I would like the lines below, from the one with "2024年10月,2024北" through the one with "我想,擁有了清新質(zhì)", copied exactly and without any pictures.
== Available data ==
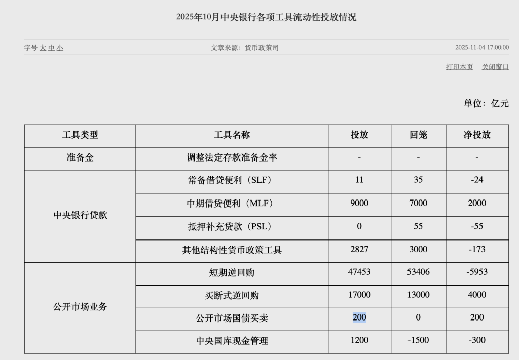 11月4日,中国人民银行公布的2025年10月中央银行各项工具流动性投放情况显示,10月通过公开市场国债买卖投放200亿元,净投放规模为200亿元。
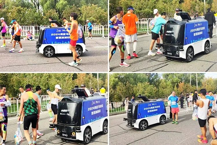2024年10月,2024北京海淀馬拉松現場,毫末小魔駝2.0貨艙里裝滿了飲用水,在馬拉松的起點、終點及40公里處,化身“志愿者”循環送水。
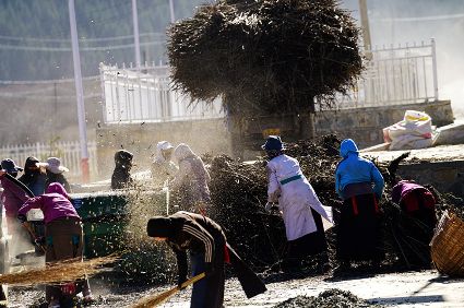 我想,擁有了清新質(zhì)樸的鄉(xiāng)野日子,就可以靜下心來(lái)。而事實(shí)上還是無(wú)法安下心來(lái),一面想著山林的神秘,一面想著城市的熱鬧。寂寞無(wú)聲地穿過(guò)巷道,那個(gè)向陰的小二樓一如既往地昏暗。拉開麻布的窗簾,大多時(shí)候我會(huì)看見走在巷道里的老老少少、男男女女,他們背著柴禾,滿帶笑容,相互致意。他們的日子似乎充滿了無(wú)盡的樂(lè)趣,也充滿了幸福和陽(yáng)光。上午十點(diǎn)的時(shí)候,陽(yáng)光會(huì)滑過(guò)窗臺(tái),轉(zhuǎn)瞬即逝,但陽(yáng)光的確向小二樓袒露了它的無(wú)能為力。另一張桌子擺放著廚具,廚具上每天都會(huì)有新的灰塵堆積,盡管如此,它們依然發(fā)出青稞的馥郁之氣。
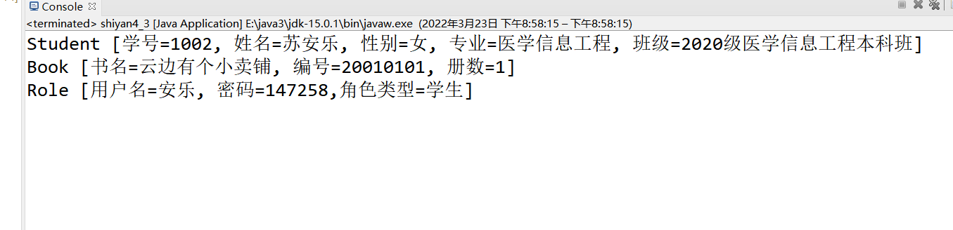 讯享网package lei; public class shiyan4_3 { public static void main(String[] args) { Student s1=new Student("1002","苏安乐","女","医学信息工程","2020级医学信息工程本科班"); Book b1=new Book("云边有个小卖铺","",1); Role r1=new Role("安乐","","学生"); System.out.println(s1); System.out.println(b1); System.out.println(r1); // s1.print(); } }
===
■ Output of the task ■
2024年10月,2024北京海淀馬拉松現場,毫末小魔駝2.0貨艙里裝滿了飲用水,在馬拉松的起點、終點及40公里處,化身“志愿者”循環送水。
 我想,擁有了清新質(zhì)樸的鄉(xiāng)野日子,就可以靜下心來(lái)。而事實(shí)上還是無(wú)法安下心來(lái),一面想著山林的神秘,一面想著城市的熱鬧。寂寞無(wú)聲地穿過(guò)巷道,那個(gè)向陰的小二樓一如既往地昏暗。拉開麻布的窗簾,大多時(shí)候我會(huì)看見走在巷道里的老老少少、男男女女,他們背著柴禾,滿帶笑容,相互致意。他們的日子似乎充滿了無(wú)盡的樂(lè)趣,也充滿了幸福和陽(yáng)光。上午十點(diǎn)的時(shí)候,陽(yáng)光會(huì)滑過(guò)窗臺(tái),轉(zhuǎn)瞬即逝,但陽(yáng)光的確向小二樓袒露了它的無(wú)能為力。另一張桌子擺放著廚具,廚具上每天都會(huì)有新的灰塵堆積,盡管如此,它們依然發(fā)出青稞的馥郁之氣。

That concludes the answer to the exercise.